Re: Questions about btree_gin vs btree_gist for low cardinality columns

From: Jeremy Finzel <finzelj(at)gmail(dot)com>
To: Tom Lane <tgl(at)sss(dot)pgh(dot)pa(dot)us>
Cc: Jeff Janes <jeff(dot)janes(at)gmail(dot)com>, Postgres General <pgsql-general(at)postgresql(dot)org>
Subject: Re: Questions about btree_gin vs btree_gist for low cardinality columns
Date: 2019-06-04 13:37:22
Message-ID: CAMa1XUg_1xLyKshjB-oNa1L41QukrTj3hf226hYHaP3kgpj2qA@mail.gmail.com
Views: Raw Message | Whole Thread | Download mbox | Resend email
Thread:
Lists: pgsql-general

On Sun, Jun 2, 2019 at 6:07 PM Tom Lane <tgl(at)sss(dot)pgh(dot)pa(dot)us> wrote:

> Anyway, the larger point here is that right now btree_gin is just a quick
> hack, and it seems like it might be worth putting some more effort into
> it, because the addition of duplicate-compression changes the calculus
> for whether it's useful.
>

Thank you to all for the thoughtful and thorough replies!

To clarify, I am definitely more interested in "low cardinality" in the
sense NOT of a boolean or very few values, but rather enough values to
where:

1. It's selective enough that having *some kind of index* actually will
significantly speed up queries vs. a sequential scan
2. There are too many values to use partial indexes easily without it
becoming a kind of maintenance nightmare

In our environment, we happen to have this kind of situation a lot. For
example, account codes, or other foreign key ids to lookup tables that
categorize data in some way that is frequently queried, exist on tables
with upwards of 100 million rows. Typically it may be something like 50 to
500 unique values.

Historically, we have just had a bunch of regular btree indexes on these,
and there are quite a lot of them indeed.

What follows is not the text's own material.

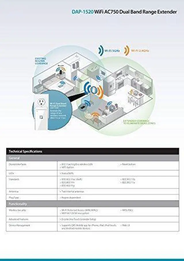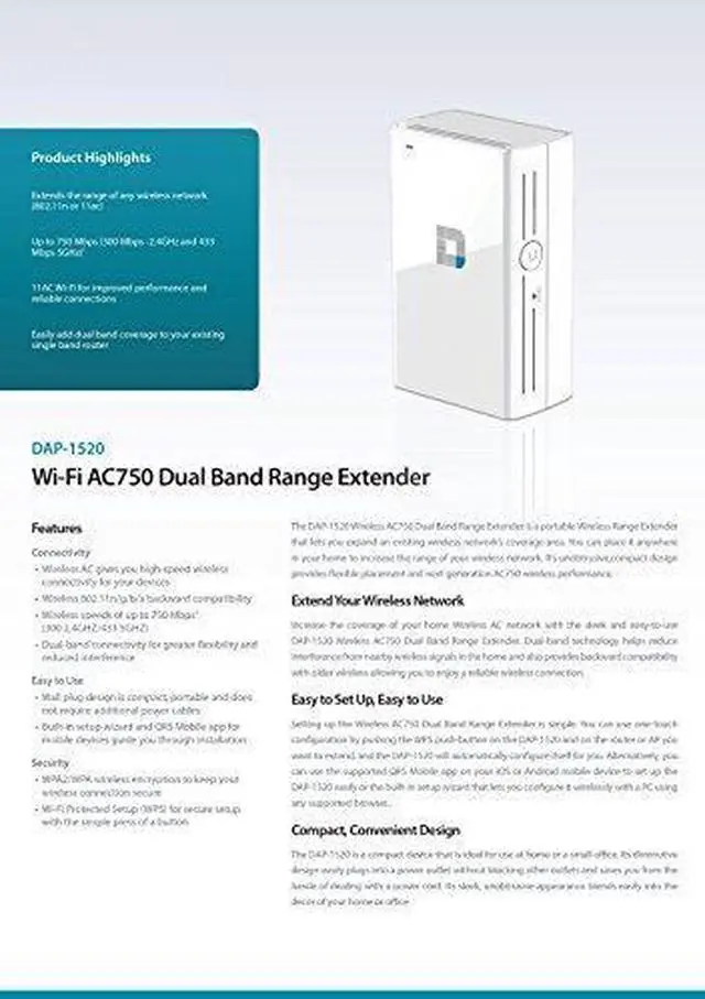Brand: D-LinkColor: WhiteFeatures: Extend the coverage of your home's existing wireless networkUp to 750 Mbps (300 Mbps -2.4GHz and 433 Mbps - 5GHz)High-speed wireless AC connectivity for your laptops smartphones and tabletsEasily add dual band coverage to your existing single band routerCompatible with any wireless router brandWall plug design is compact portable and does not require additional power cablesWPA2/WPA wireless encryption to keep your wireless connection secureWi-Fi Protected Setup (WPS) for secure setup with the simple press of a buttonLegal Disclaimer: VERY GOOD CONDITION. ORIGINAL RETAIL BOX. INCLUDES: * 1 WIRELESS AC1750 DUAL BAND RANGE EXTENDER * QUICK INSTALL GUIDE * WiFi CONFIGURATION CARD *Platform: No Operating SystemPublisher: D-Link Systems Inc.Warranty: Comes with Manufacturer Warranty.Details: Eliminate dead zones and extend the range of your home Wi-Fi coverage with the sleek and easy-to-use D-Link Wi-Fi AC750 Dual Band Range Extender (DAP-1520). With AC750 performance the DAP-1520 provides bandwidth up to 300Mbps on the 2.4Ghz and 433Mbps on the 5GHz bands. In addition the D-Link DAP-1520 adds the faster more reliable 5Ghz band to an existing signal band (2.4Ghz) network for improved performance and less interference. Dual-band technology helps reduce interference from nearby wireless signals and the next generation 11AC Wi-Fi provides backward compatibility with older wireless devices in your network allowing you to enjoy a blazing-fast reliable wireless connection.UPC: 675456777457EAN: 0163121538033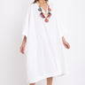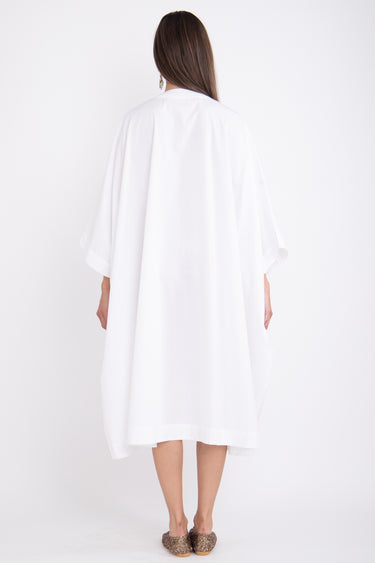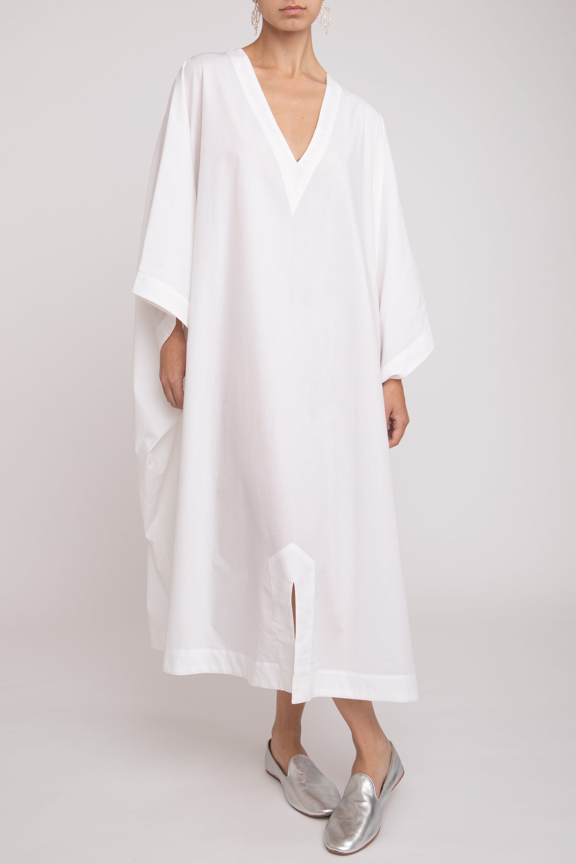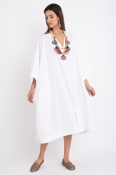 This jellaba is an in-house staple design. Crafted from a crisp poplin cotton, the jellaba "Fahed" features a V-neck, a front slit and a loose silhouette that fits all body types. This jellaba can be worn on its own or as a bikini coverup.

Here is my specific example:

- Table has 127 million rows, including a toast field. The table is
270GB
- The filter is on a field with only 16 unique values.
- The actual filter condition is filtering a join to 4 of the 16 unique
values

As I said, performance was nearly identical for btree vs. gin. But I was
much happier with the memory usage of GIN given its tiny size:

- Memory for join using btree: Buffers: shared hit=12 read=328991
- Memory for join using gin: Buffers: shared hit=12 read=13961

The btree index here is 3.8GB, whereas the gin index is only 200MB. But I
have not tested how either index handles bloat.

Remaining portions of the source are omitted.